Nick shrugged. "More power. As silly as it sounds, I think the Dealer's ego is such that his only aspiration is to be the most powerful man on earth. It's not so rare — Hitler, Charlemagne, Napoleon — they all had the same ego."
"That's amazing."
"Yeah, it is," Nick said, heaving himself to his feet. "But now that we know who Ganicek really is,
and the fact that we have the diaries, it shouldn't be too difficult to stop him at Bern.
"No," Hela said, her eyes flickering over the tied bundle as Nick picked it up, "it shouldn't."
"I'm going to grab a shower and get some rest. We'll leave in the morning. There's no rush now."
Nick left her, glass in hand, staring at the coffee table, at the spot where the papers had been sitting.
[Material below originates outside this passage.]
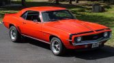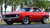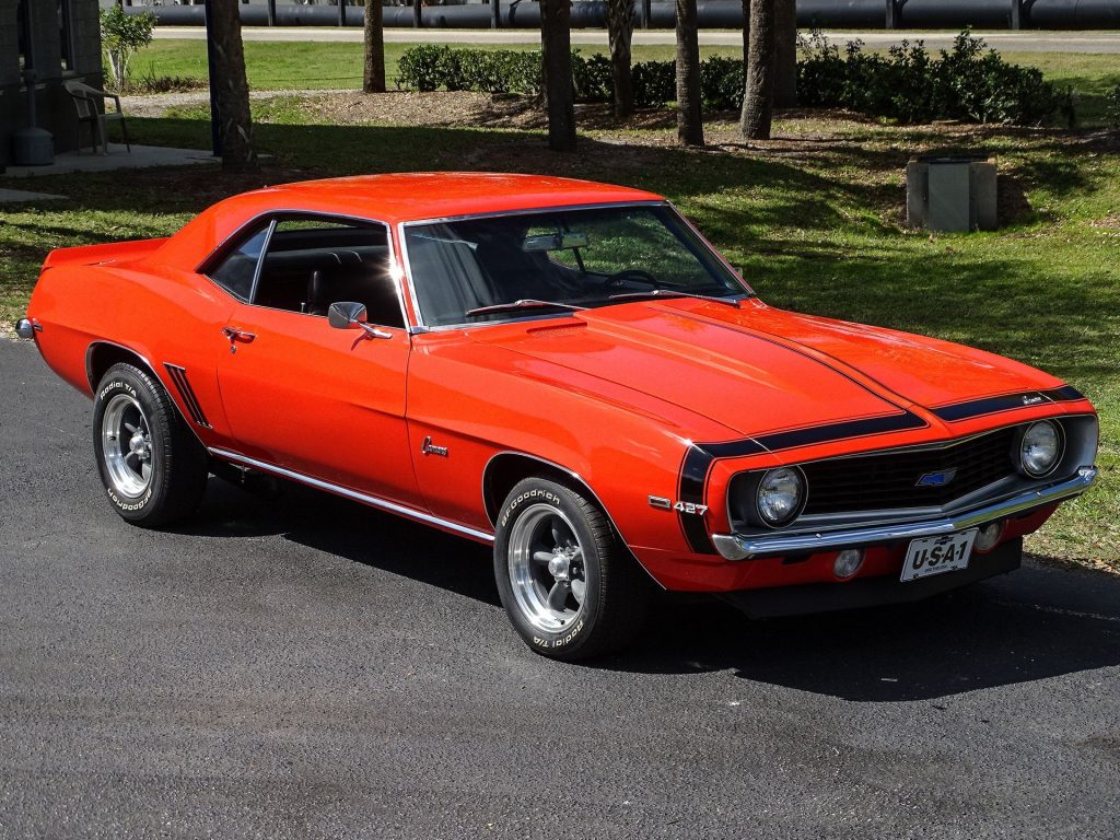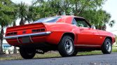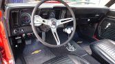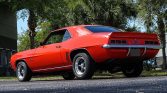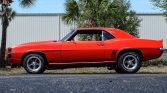 Like the COPOs and Yenkos of the day, the 1969 Camaro we have here is powered by a 427 CID V8! With an aluminum intake, Holley 4-barrel carburetor, full-length headers and an HEI ignition, it packs a punch! Power is then sent through a 4-speed manual transmission with Hurst shifter and classic white shifter knob. A stout 12-bolt rear end with traction bars puts that power to the ground. Slide into the black vinyl bucket seats, buckle the seat belt and turn the key to hear this big block muscle car roar to life! The exteriors is painted in a stunning Hugger Orange with black stripes that compliment it nicely. American Racing Torq Thrust wheels give you a sneak peek at the power front disc brakes with drilled and slotted rotors. Front and rear spoilers are a must on a first-generation Camaro, and this one has them! Add to that a cowl hood, and you’ve got one of the meanest looking muscle cars ever built! The trunk is clean and nicely detailed with a correct trunk mat. This is a very clean, nicely restored Camaro in the most desirable year, with a big block and a 4-speed transmission. It won’t last long. Power steering, power brakes, vinyl interior, alloy wheels, radial tires and seat belts round off the list of options.

For almost a half hour, Nick stood beneath the steaming spray of the shower head, relaxing, soaping himself. When he finally emerged, drying himself with a large, fluffy European towel, she was lying across the bed.
"Since we're not leaving until morning," she said, tossing her hair away from her forehead, "I thought we might as well make use of the night."
She looked up. She was cool, every inch the voluptuous siren as her dark eyes locked onto his gaze, issuing their own kind of challenge.
Nick smiled, and she smiled in return. "I don't know if I'm up to it," he said.
"All men, Nick, are up to it with the right provocation." She only moved slightly, but it was enough to make her bare breasts dance, to make her hips and thighs evoke desire.
Nick dropped the towel and eased himself onto the bed. She moved against him, all warmth, all steaming woman, all Cheshire cat with the smile on her sensual lips.
"You are a marvelous lover, Nick. Make me a woman who can accept love. I told you it would be better in Berlin."
"Yes, you did."
He kissed her, letting his tongue run along her lips and then delve into her waiting, warm mouth. Her breast was warm in his hand, firm yet soft at the same time. Her thighs captured one of his legs and she began to move against him.
His lips moved over her ear and down her throat to her shoulder. He felt her hand slide up his side, her nails tickling his flesh.
"Love me, Nick, hurt me! Not too much, just a little — like this."
He felt the nails start to bite into his buttocks. As casually as he could, Nick captured the hand before its deadly talons could break the flesh.
He knew he wouldn't be able to take this all the way, to actually make love to her. But he had managed enough foreplay to make it convincing.
"It's going to be quite an ego trip for me," he growled, bringing her hand up to his lips. "Beating the Dealer, watching him die."